Ketamine is contraindicated during an active manic or mixed episode. Ketamine has rapid antidepressant, activating effects, and in someone who is acutely manic that is precisely the wrong direction — it risks worsening or prolonging the manic state, much as an antidepressant given without mood-stabilizer protection can. Acute mania is also frequently an urgency requiring close monitoring and often hospitalization, the opposite of an at-home setting. This is distinct from bipolar I or II depression that is stable and protected by an adequate mood stabilizer, where ketamine has been studied as a carefully managed add-on. The line is clear: active mania, no; stabilized bipolar depression with stabilizer cover, a different and specialist-managed question.

Where this fits with Tovani

Tovani does not treat acute mania. Eligibility screening excludes patients who are acutely manic, mixed, or unstable, because at-home ketamine is unsafe and inappropriate in that state.
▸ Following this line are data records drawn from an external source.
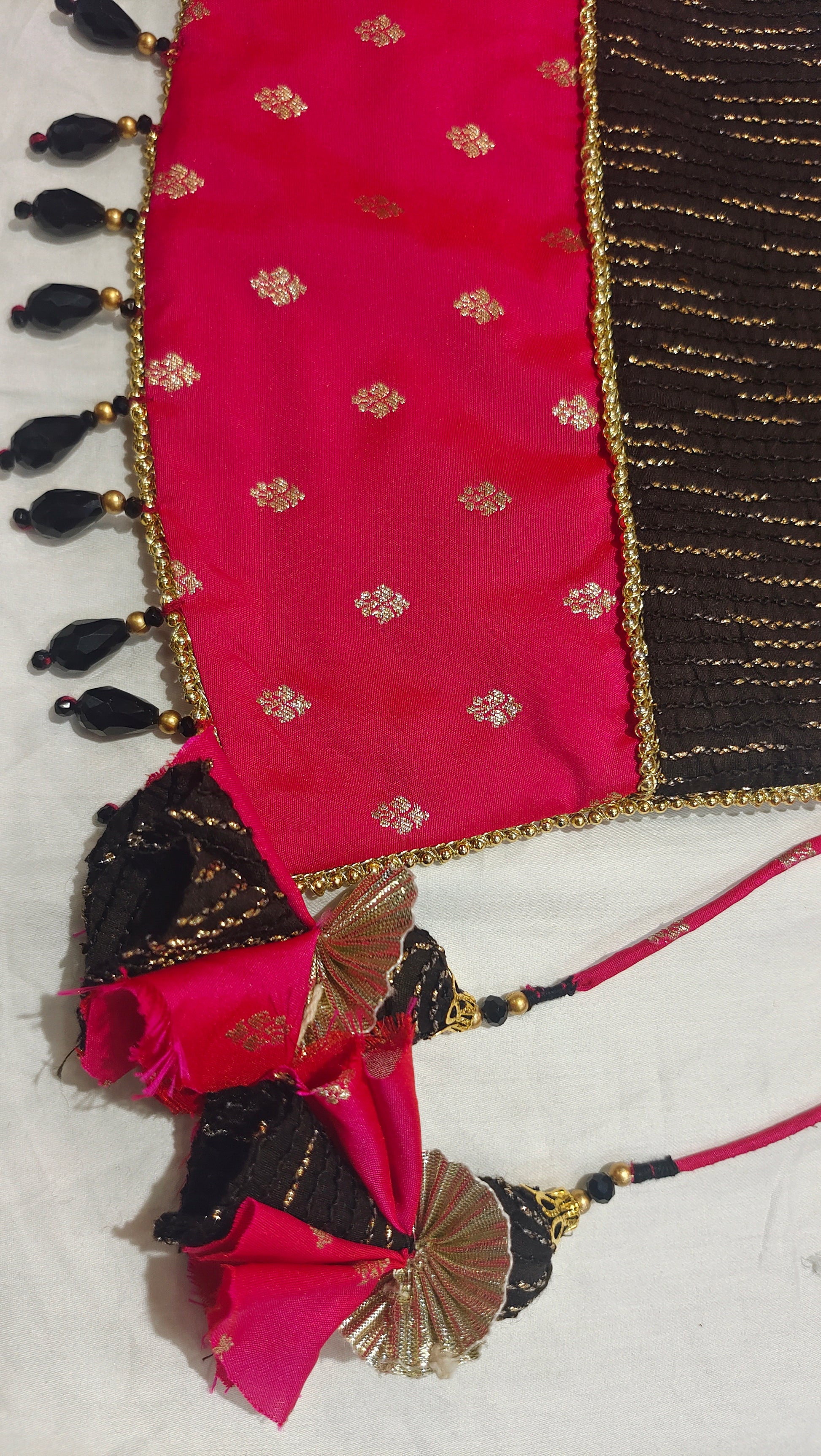 The potli features a rich black textured Chanderi silk body with subtle metallic striping, contrasted with a deep ruby Banarasi silk base woven with delicate gold butis. Finished with handcrafted tassels, bead fringes, and an embroidered handle, the design reflects refined artisanal detailing.
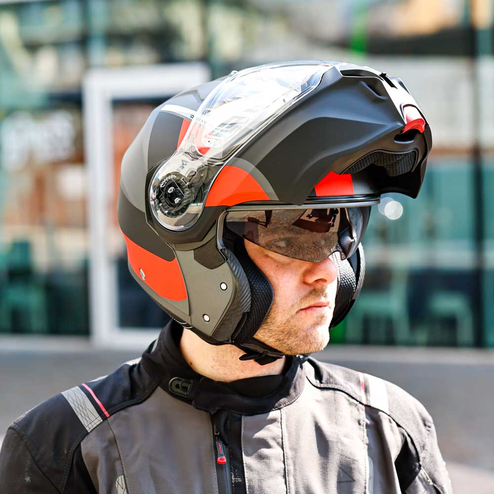 - Double visor (clear + smoke)
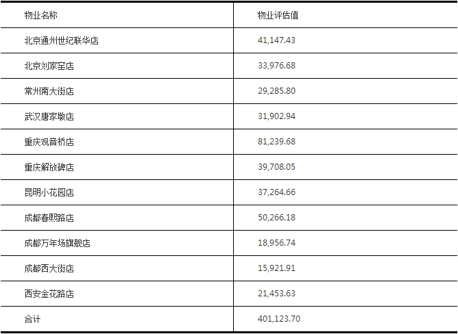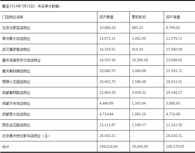注:截止2014年7月31日北京通州世纪联华店会计核算计入在建工程科目,账面价值为26,430.31万元,该处物业于2014年9月30日开业运营,会计核算上已由在建工程科目转入固定资产科目。
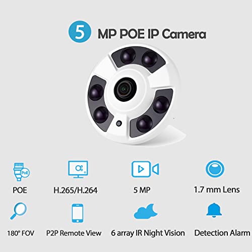 REVODATA 5MP HD Fisheye POE IP Camera,Telecamera sicurezza Indoor CCTV Obiettivo 1,7mm 180° 6 Array LED IR Visione notturna P2P H.265 Rilevamento del movimento Telecamera (IF02-P-HS Bianco)
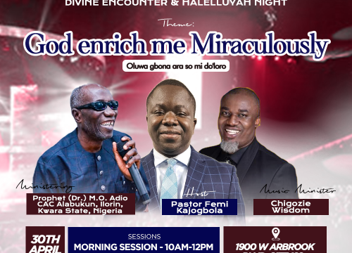A massive Program on its way.It’s going to be glorious and impactful.Kindly join to experience God the more. DIVINE ENCOUNTER…
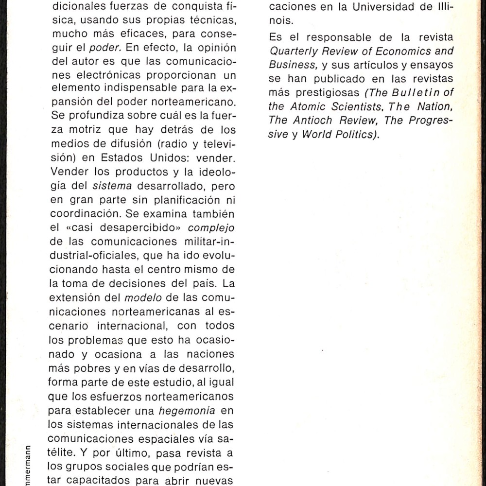 Ensayo fundamental del sociólogo y crítico norteamericano Herbert I. Schiller (1919–2000), figura clave en los estudios sobre comunicación y poder. En esta obra, Schiller analiza cómo los medios de comunicación de masas —radio, televisión y prensa— se han convertido en herramientas centrales de expansión del poder estadounidense, reemplazando a las antiguas formas de dominación militar o territorial.
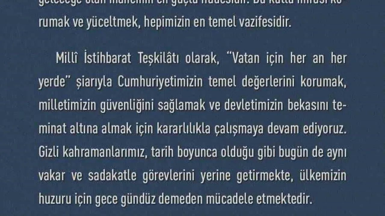 "Cumhuriyetimizin kuruluşunun 102. yıl dönümünü milletçe büyük bir gurur ve coşkuyla idrak ediyoruz. Cumhuriyet, aziz milletimizin bağımsızlık iradesinin ve ortak geleceğe olan inancının en güçlü ifadesidir. Bu kutlu mirası korumak ve yüceltmek, hepimizin en temel vazifesidir. Milli İstihbarat Teşkilatı olarak ‘Vatan için her an her yerde’ şiarıyla Cumhuriyetimizin temel değerlerini korumak, milletimizin güvenliğini sağlamak ve devletimizin bekasını teminat altına almak için kararlılıkla çalışmaya devam ediyoruz. Gizli kahramanlarımız, tarih boyunca olduğu gibi bugün de aynı vakar ve sadakatle görevlerini yerine getirmekte, ülkemizin huzuru için gece gündüz demeden mücadele etmektedir. Bu anlamlı günde başta Cumhuriyetimizin banisi Gazi Mustafa Kemal Atatürk ve silah arkadaşları olmak üzere tüm şehit ve gazilerimizi rahmet ve minnetle anıyor, aziz milletimizin Cumhuriyet Bayramı’nı en içten dileklerimle kutluyorum."
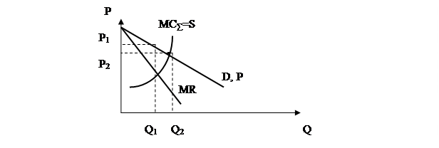Если бы фирмы функционировали в условиях совершенной конкуренции, то цена установилась бы на уровне P1, а объем выпуска составил бы Q1. Но фирмы путем тайного сговора, объединяются в картель. Поэтому кривая спроса Dстановится кривой спроса фирмы-монополиста.
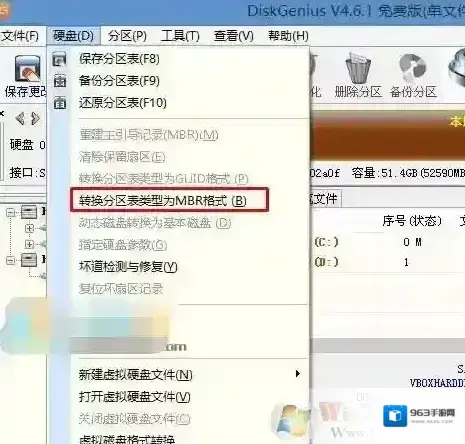 转GPT分区为MBR格式:删除分区后,装换硬盘分区表类型 为 MBR 格式,同样还是从“硬盘”–“转换分区表类型为MBR格式”,然后保存更改(以下为图示,此时该项为可点,如不可点说明已经转换好了。),如图:
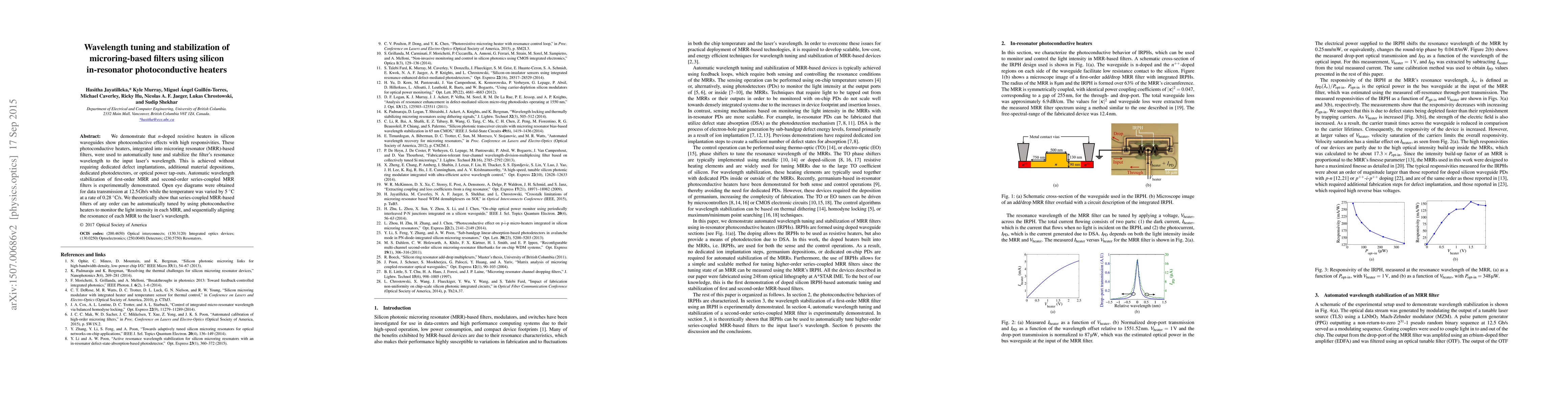 Researchers developed a method to tune and stabilize microring-based filters using photoconductive heaters in silicon waveguides, achieving automatic wavelength stabilization without additional components or defect implantations.
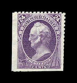 1288 og 175 image#175, 24c Dull purple special printing, without gum as issued, wonderfully fresh example of this rare stamp with some of the largest margins we have seen on any of this value, close but well clear at top, unusually deep strong color and a detailed impression on crisp paper, scissors clipped perforations as is frequently found of a large portion of the hard paper Special Printings, very fine and attractive; 1999 PF certificate. (Image) $3,500.00
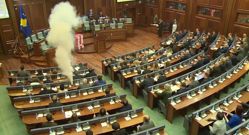 Депутаты радикального оппозиционного движения «Самоопределение» распылили слезоточивый газ в парламенте самопровозглашённой Республики Косово. Таким способом они хотели сорвать утверждение соглашения о признании линии госграницы с Черногорией 2015 года.

A manic episode calls for urgent psychiatric care, mood stabilization, and often hospitalization. This page makes that clear — and distinguishes it from stabilized bipolar depression, which is handled only with mood-stabilizer protection and specialist coordination.

Frequently asked

Can ketamine treat mania?

No — it's contraindicated during an active manic episode. Ketamine has rapid, activating, antidepressant-like effects, which in someone who is acutely manic could worsen or prolong the episode. Mania is treated with mood stabilizers and antipsychotics, often urgently and sometimes in a hospital.

But I read ketamine helps bipolar — which is it?

Both, in different states. Ketamine has been studied for bipolar depression (the down phase), but only as a carefully managed add-on with mood-stabilizer protection. Active mania is the opposite situation, and there ketamine is contraindicated. The phase of the illness matters enormously.

What treats acute mania?

Mood stabilizers (lithium, valproate) and antipsychotics, often combined for speed, with hospitalization when safety, psychosis, or severe impairment is present. ECT is highly effective for severe or treatment-resistant mania.

What should I do in a manic crisis?

Seek urgent psychiatric care — an emergency department or crisis service — especially if there's risk to safety, psychosis, or you can't keep someone safe. You can also call or text 988. Active mania is a situation for urgent specialist care, not at-home treatment.

References

  1. Yatham LN et al. 2018, Bipolar Disorders CANMAT/ISBD guidelines for the management of bipolar disorder, including acute mania. (PMID 29536616)
  2. Sanacora G et al. 2017, JAMA Psychiatry APA consensus on ketamine, relevant to the cautions around mood destabilization and the contraindication in active mania. (PMID 28249076)

Last reviewed by Dr. Ben Soffer, DO on May 31, 2026. This page is educational and not a substitute for clinical evaluation. A physician determines whether ketamine therapy is appropriate for your specific situation.